=== Exercise instructions ===
Give back, exactly as written, the lines from the first line of the data below through the line with "La Secretaría del", and omit the pictures.
---------- Provided information
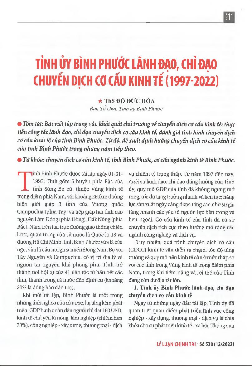 Tỉnh ủy Bình Phước lãnh đạo, chỉ đạo chuyển dịch cơ cấu kinh tế (1997-2022)
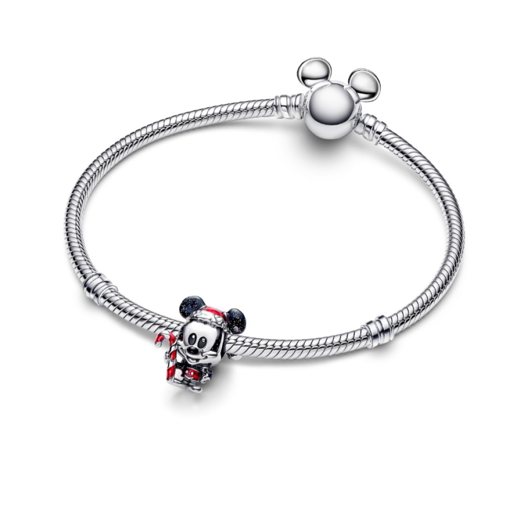 PANDORA 794217C01 Charm de plata esterlina de Mickey Mouse de Disney con esmalte negro y rojo brillante
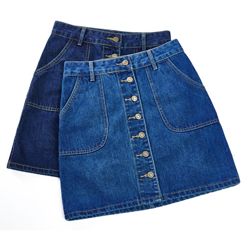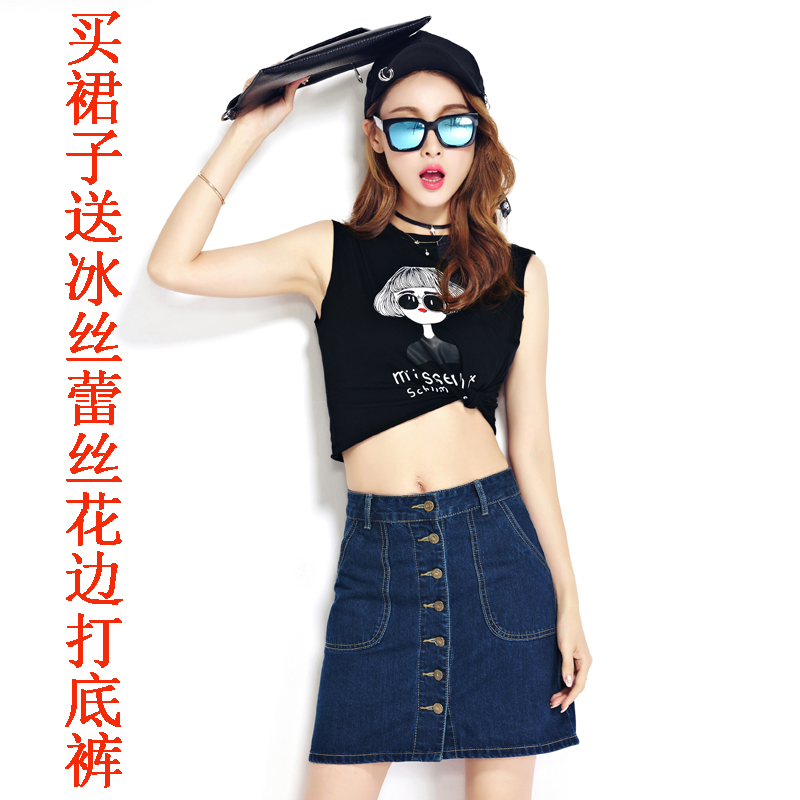 韓版高腰牛仔裙半身裙女單排扣A字裙包臀短裙顯瘦學生大碼半裙夏
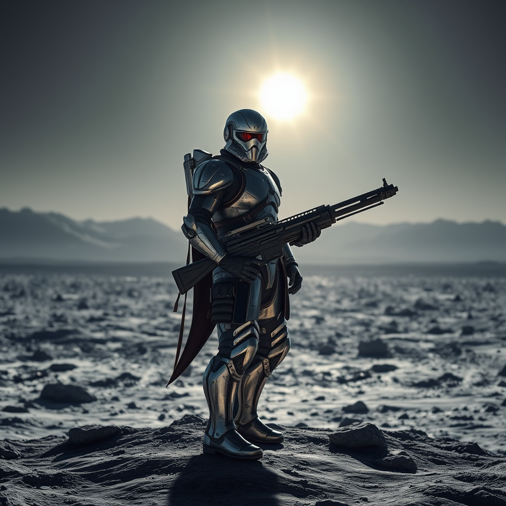 A vigilant guardian stands resolute on a sprawling lunar base, his role as a futuristic peacekeeper evident in his commanding presence. Clad in intricately forged, sleek armor that glints under the distant sun, he wields an advanced energy rifle, its design blending cutting-edge technology and artistry. The scene unfolds in cinematic grandeur, captured in breathtaking HDR and crystal-clear 8K resolution, showcasing the base's expansive, otherworldly landscape with a vertical orientation that emphasizes the moon's vastness. The atmosphere evokes a sense of tranquility and order, the peacekeeper's watchful gaze ensuring a future of harmony.
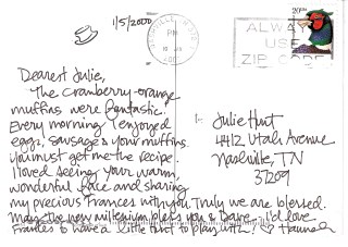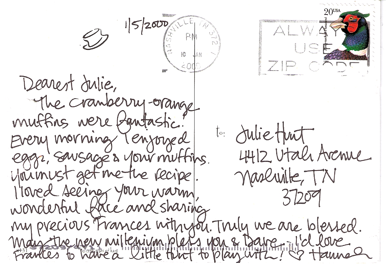 Years ago, when my friend Hannah had her baby Frances, I wanted to take her a tasty baked good and squeeze that little girl. I found a cranberry orange muffin recipe in a Martha Stewart cookbook, whipped them up, and took them over to her. Hannah is one of the most lovely gift recipients! She expressed her gratitude on the spot. Then a few days later I received this postcard from her.
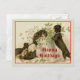 Vintage Dackel Hunde Weihnachtsdesign, mit schwarzen Hunden, spielen mit einer Vase mit Misteloe und Heilige Beere.
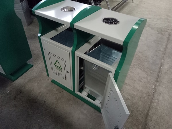 钢制垃圾桶整体都用优质镀锌钢板,经折弯冲压一次性成型,产品一律用室外粉静电喷塑,经过190°的高温,限度延长了垃圾桶的使用寿命,使垃圾桶颜色持久不变,亮丽如新。表层有效做到 易保洁表面光滑之优点,不脱落,不起层。钢制垃圾桶一种存放垃圾的容器,使用镀锌钢板制作而成。
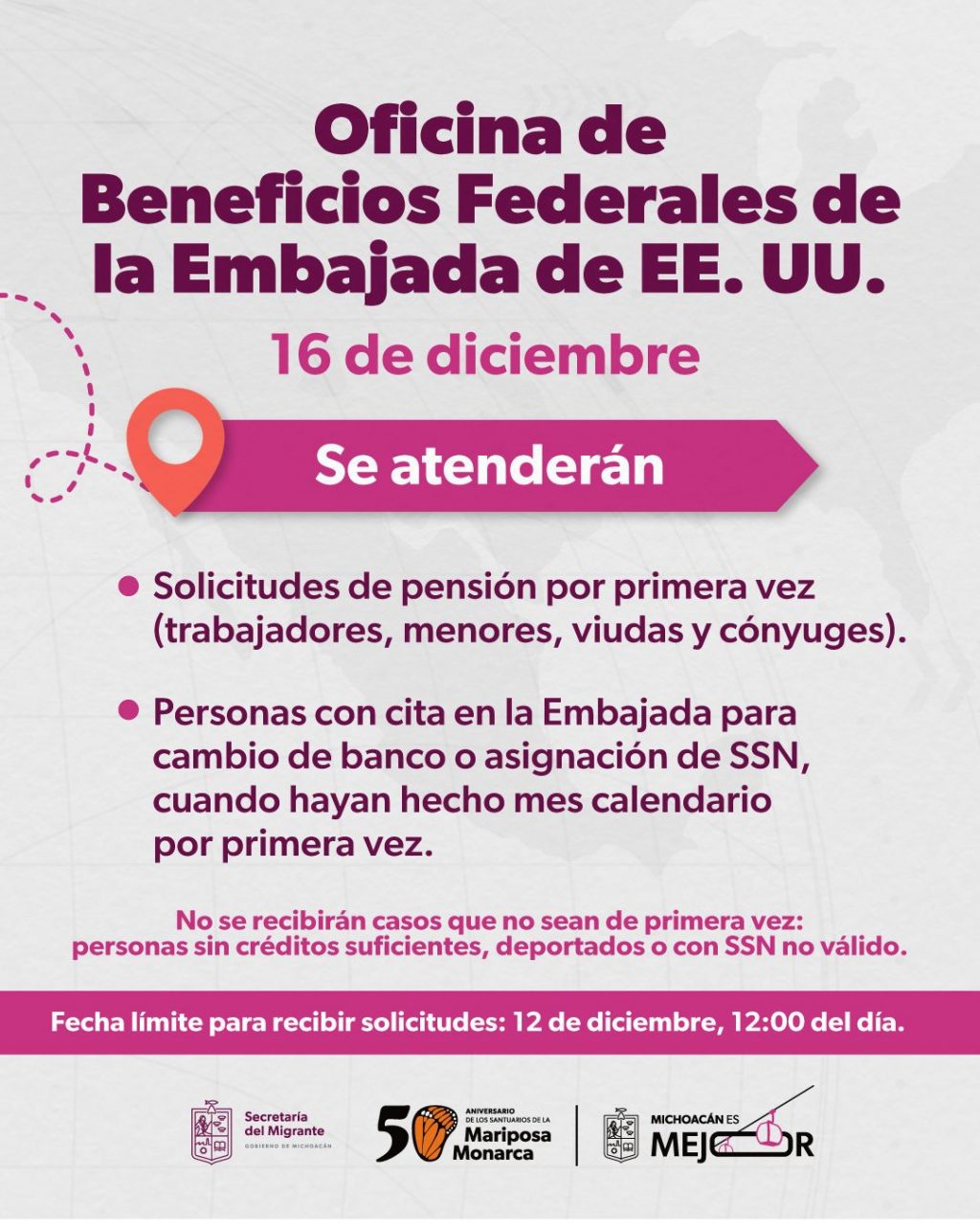 La Secretaría del Migrante (Semigrante) informa que el próximo 16 de diciembre se contará con la visita del personal de la Oficina de Beneficios Federales (FBU) de la Embajada de los Estados Unidos en México, con el propósito de fortalecer la atención a las y los michoacanos que buscan acceder a una pensión del Seguro Social estadounidense.
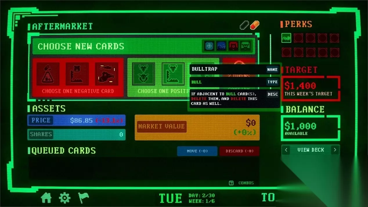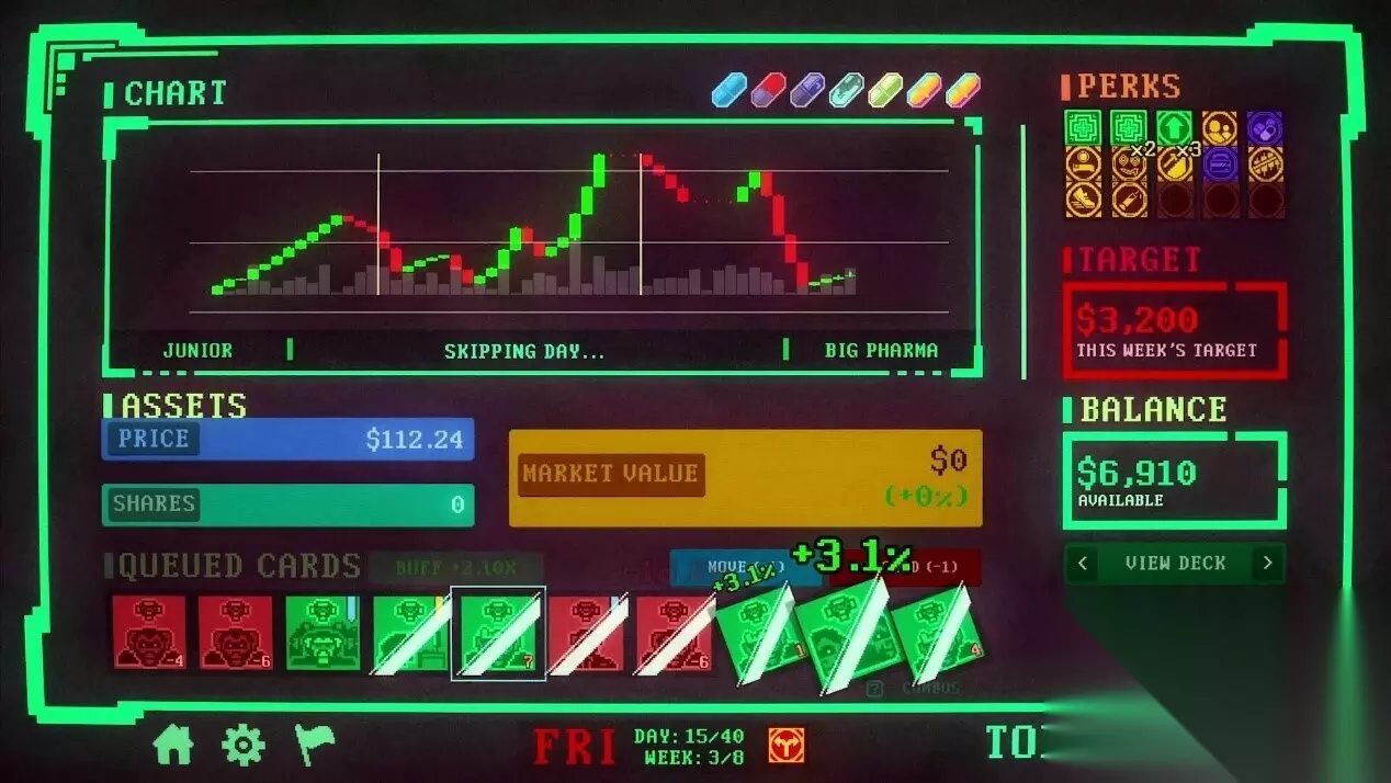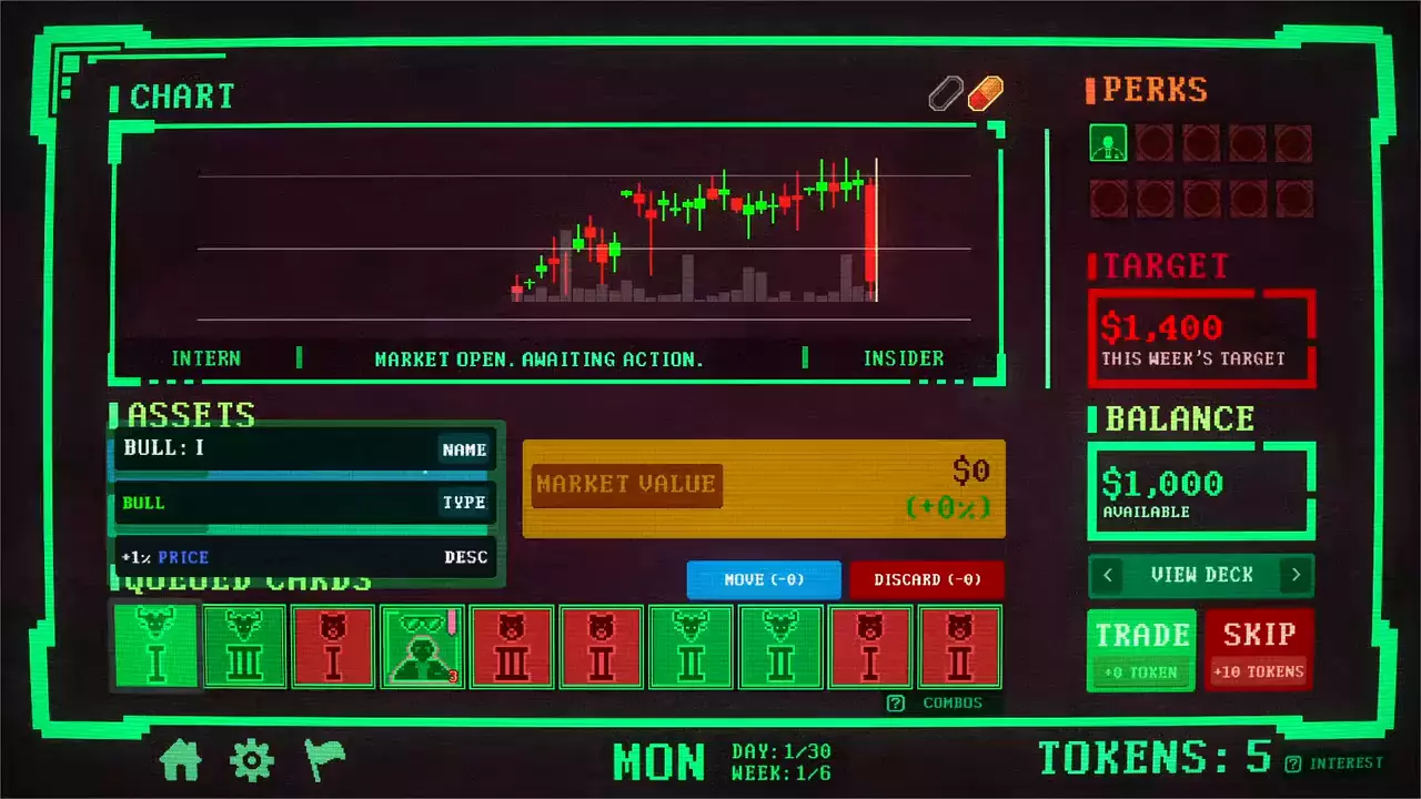 · 赢了也未必安全: 价格上涨会解锁更强效果与更高回报,但同时也让市场更难控制。许多失败并非因为运气差,而是因为把“成功”推得太过头。· 改变规则的角色: 每名角色都拥有独特的初始牌组与机制,从第一回合起就会改变你对风险、控制与波动的处理方式。· 每局都有变数: 事件、增益以及一次性消耗品会在中途大幅改变局势,迫使玩家在策略不再如预期运转时迅速调整。· 只为高风险而生: 可选的高难度模式会收紧容错并加重惩罚,奖励那些懂得何时放慢、何时任由市场崩盘的玩家。
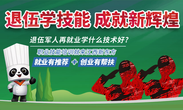 退役军人退伍不退志,江西新东方烹饪技工学校为了让广大退役军人能够 更好就业、更高质量就业。我院依据市场趋势,结合学院教学特色,为广大退伍学子量身打造了 创业短期精品专业 。预报从速!
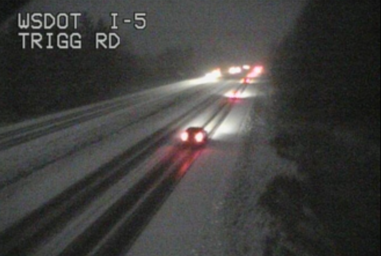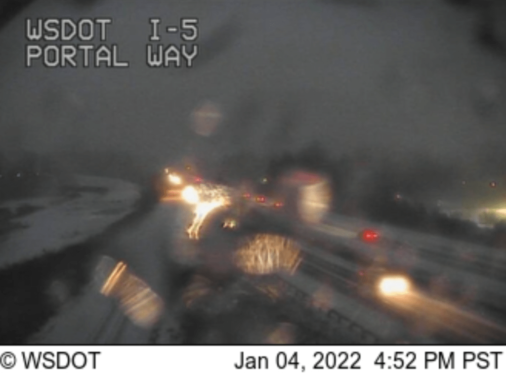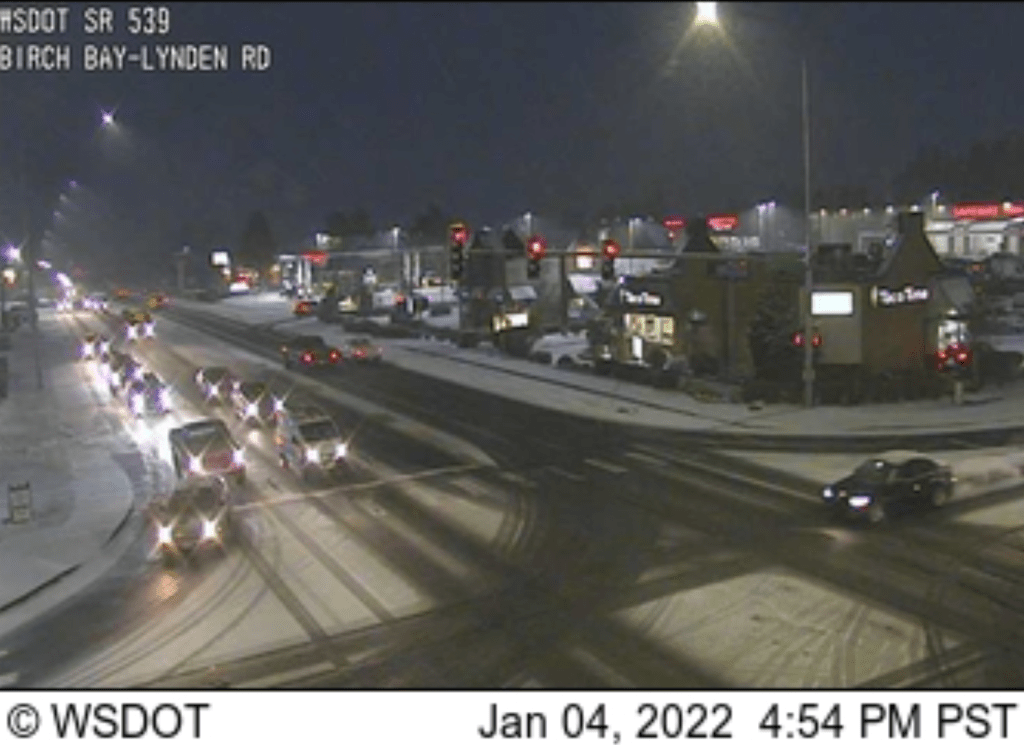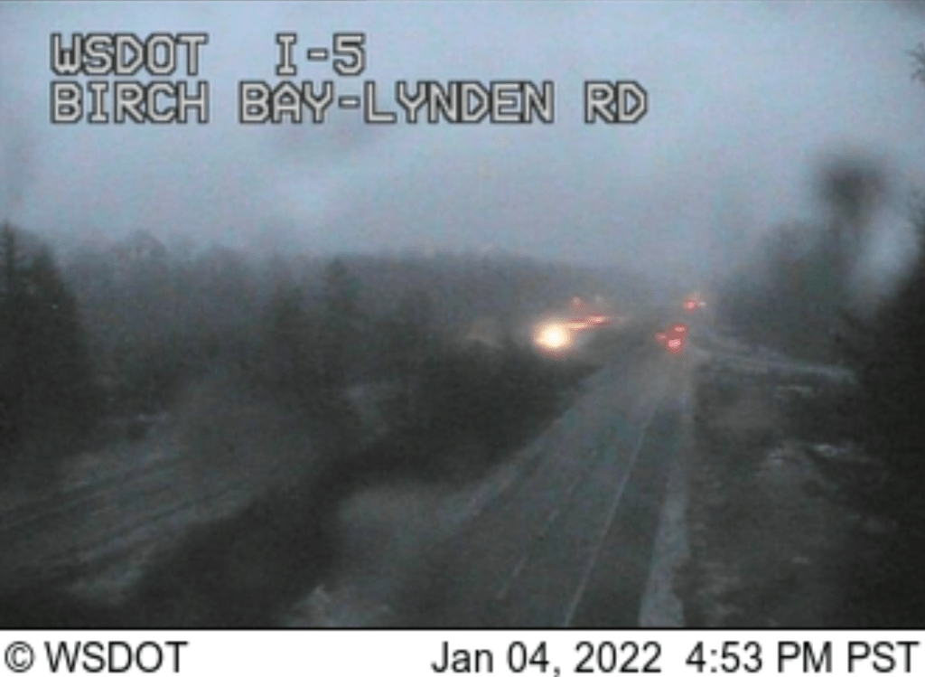 According to Washington State Department of Transportation (WSDOT) traffic cameras, sections of I-5 south of Slater Road and north of Birch Bay-Lynden Road are bare and wet while areas through Ferndale and Custer are showing obvious accumulations in the roadway.
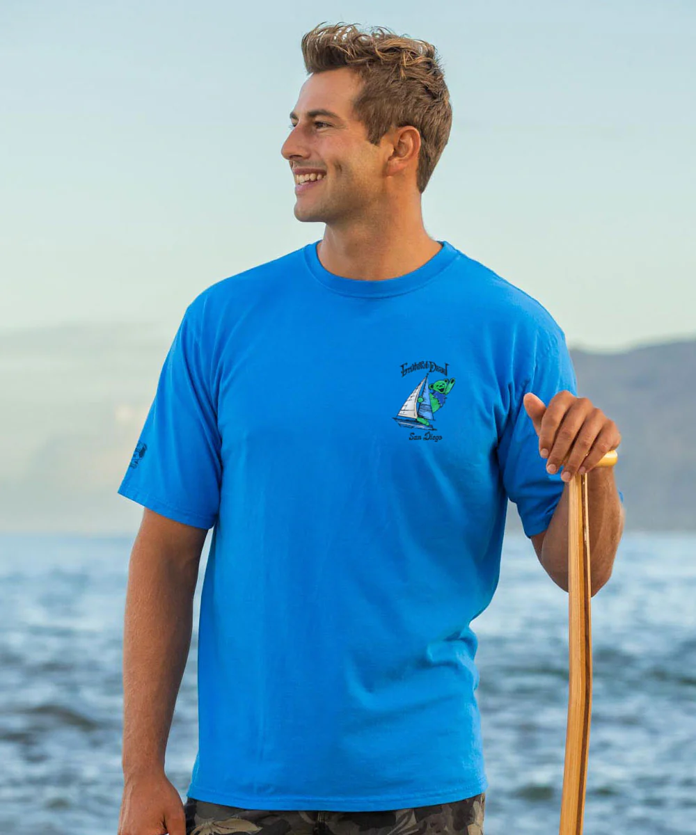 In San Diego, we love the Dead but we're not Truckin' like the doo-dah man; we're Sailing like this Dancing Bear. Enjoy the ocean breeze and some cool tunes while you're wearing this officially licensed Grateful Dead tee. Made using our exclusive specialty dyeing process that uses real blue curacao liqueur and featuring 100% combed ring-spun cotton, this t-shirt has 50+ SPF protection to keep you feeling cool, calm and protected all year long. We only use environmentally friendly water-based inks that penetrate the material’s fiber resulting in more vibrant colors, softer feel and artwork that doesn’t crack or peel. Plus, it is proudly printed in the United States for quality you can see and designs that stand the test of time.
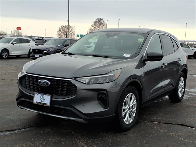 Shop where customers always come first! We're Green on south 6th Street in Springfield. **Green Mazda Internet Price Includes Trade In Assistance. We NEED TRADES. Without trades we run out of vehicles like this to offer to our customers!**See dealer for details. 2023 Ford Escape Active Carbonized Gray Metallic 8-Speed Automatic FWD 1.5L EcoBoost Recent Arrival! 27/34 City/Highway MPG Cold Weather Package (Heated Front Row Seats, Heated Sideview Mirrors, Heated Steering Wheel, and Remote Starter System), Equipment Group 200A, 3.81 Axle Ratio, 4-Wheel Disc Brakes, 6 Speakers, ABS brakes, Air Conditioning, Alloy wheels, AM/FM radio: SiriusXM, AM/FM Stereo, Auto High-beam Headlights, Automatic temperature control, Brake assist, Bumpers: body-color, Compass, Delay-off headlights, Driver door bin, Driver vanity mirror, Dual front impact airbags, Dual front side impact airbags, Electronic Stability Control, Emergency communication system: SYNC 4 911 Assist, Exterior Parking Camera Rear, FordPass Connect, Four wheel independent suspension, Front & Rear Floor Liners w/o Carpet Mats, Front anti-roll bar, Front Bucket Seats, Front Center Armrest, Front dual zone A/C, Front License Plate Bracket, Front reading lights, Fully automatic headlights, Illuminated entry, Knee airbag, Low tire pressure warning, Occupant sensing airbag, Outside temperature display, Overhead airbag, Overhead console, Panic alarm, Passenger door bin, Passenger vanity mirror, Power door mirrors, Power driver seat, Power Liftgate, Power steering, Power windows, Radio data system, Rear anti-roll bar, Rear reading lights, Rear seat center armrest, Rear window defroster, Rear window wiper, Remote keyless entry, Speed control, Speed-sensing steering, Speed-Sensitive Wipers, Split folding rear seat, Spoiler, Steering wheel mounted audio controls, SYNC 4, Tachometer, Telescoping steering wheel, Tilt steering wheel, Traction control, Trip computer, Unique Cloth Front Bucket Seats, Variably intermittent wipers, Wheel-Locking Lug Nuts, and Wheels: 17 Shadow Silver-Painted Aluminum.
--------------------
=== Exercise solution ===
 Tỉnh ủy Bình Phước lãnh đạo, chỉ đạo chuyển dịch cơ cấu kinh tế (1997-2022)
 PANDORA 794217C01 Charm de plata esterlina de Mickey Mouse de Disney con esmalte negro y rojo brillante
 韓版高腰牛仔裙半身裙女單排扣A字裙包臀短裙顯瘦學生大碼半裙夏
 A vigilant guardian stands resolute on a sprawling lunar base, his role as a futuristic peacekeeper evident in his commanding presence. Clad in intricately forged, sleek armor that glints under the distant sun, he wields an advanced energy rifle, its design blending cutting-edge technology and artistry. The scene unfolds in cinematic grandeur, captured in breathtaking HDR and crystal-clear 8K resolution, showcasing the base's expansive, otherworldly landscape with a vertical orientation that emphasizes the moon's vastness. The atmosphere evokes a sense of tranquility and order, the peacekeeper's watchful gaze ensuring a future of harmony.
 Years ago, when my friend Hannah had her baby Frances, I wanted to take her a tasty baked good and squeeze that little girl. I found a cranberry orange muffin recipe in a Martha Stewart cookbook, whipped them up, and took them over to her. Hannah is one of the most lovely gift recipients! She expressed her gratitude on the spot. Then a few days later I received this postcard from her.
 Vintage Dackel Hunde Weihnachtsdesign, mit schwarzen Hunden, spielen mit einer Vase mit Misteloe und Heilige Beere.
 钢制垃圾桶整体都用优质镀锌钢板,经折弯冲压一次性成型,产品一律用室外粉静电喷塑,经过190°的高温,限度延长了垃圾桶的使用寿命,使垃圾桶颜色持久不变,亮丽如新。表层有效做到 易保洁表面光滑之优点,不脱落,不起层。钢制垃圾桶一种存放垃圾的容器,使用镀锌钢板制作而成。
 La Secretaría del Migrante (Semigrante) informa que el próximo 16 de diciembre se contará con la visita del personal de la Oficina de Beneficios Federales (FBU) de la Embajada de los Estados Unidos en México, con el propósito de fortalecer la atención a las y los michoacanos que buscan acceder a una pensión del Seguro Social estadounidense.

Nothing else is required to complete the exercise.